As always, I was minding my own business when something winked at me. This face was created by some hair ties angled on a coaster on my desk. Although there’s no smile, it does have a dimple. Or maybe a beauty mark.
Looking at it more closely, I realized that all the face elements had been there all the time: the App Store and Google Play logos making eyes; the circle as nose, the slot line as mouth. But it never triggered that recognition reaction until I inadvertently added the oval frame of the hair ties.

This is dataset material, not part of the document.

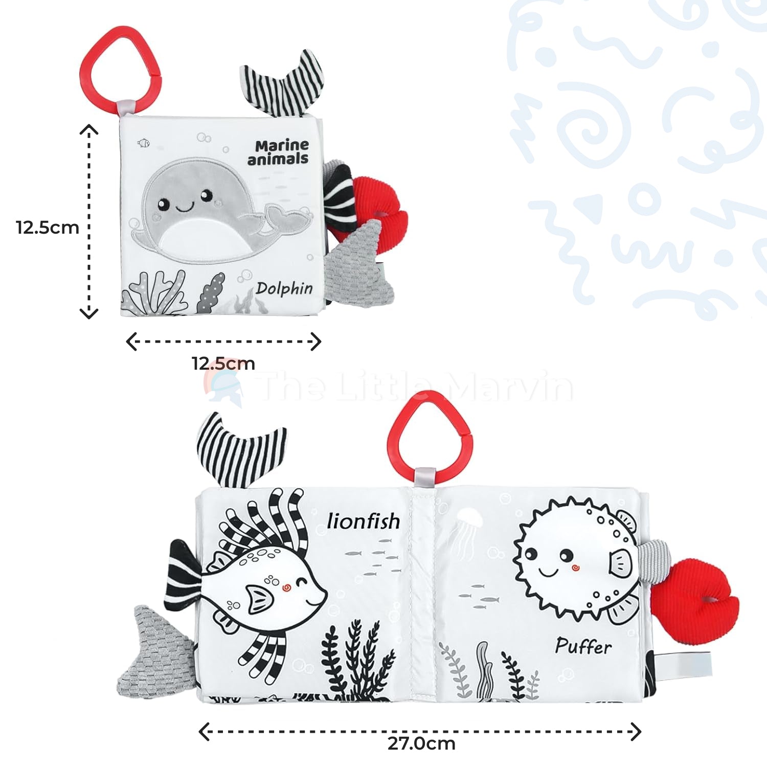 Marvin’s Newborn Book – is a Montessori-inspired sensory book that helps babies explore colors, sounds, and textures while stimulating visual, auditory, and tactile development through playful discovery.

Neil Diamond sings: “Then I saw her face…..” I think you’ve just demonstrated what happens when we fall in love. There’s this face, this person, who’s been there all along, and then something happens that frames that face in a new way, and you see it for the first time….
Jim T
Jim T – I like it.
Face It!
The title of the portrait show we did out at Debbie’s Framing near Greely in around 2006. Sixty people saw Walter/Bella — over 40 minutes — get “in face” as a drag queen. Then she and two other drag queens did a show.
A little 5-year-old girl sat in front of Walter fascinated. When Walter turned into Bella, the little girl said, “You’re a girl now, for sure!”
It was a day of transformative meeting of evangelical and LGBT — and changed lives.
Barbara – Delightful. I wonder whether that would hold true in other areas, too – that seeing the transition helps with acceptance.
In my youth there were Come As You Are parties when you’d get a phone call and however you were dressed, that’s how you went.
Now I feel that way about a sudden need to go to Emergency — the hospital the final Come As you Are humiliation, if life-saving.
Barbara – A good point. Why our mothers told us to always wear clean and not too-worn underwear.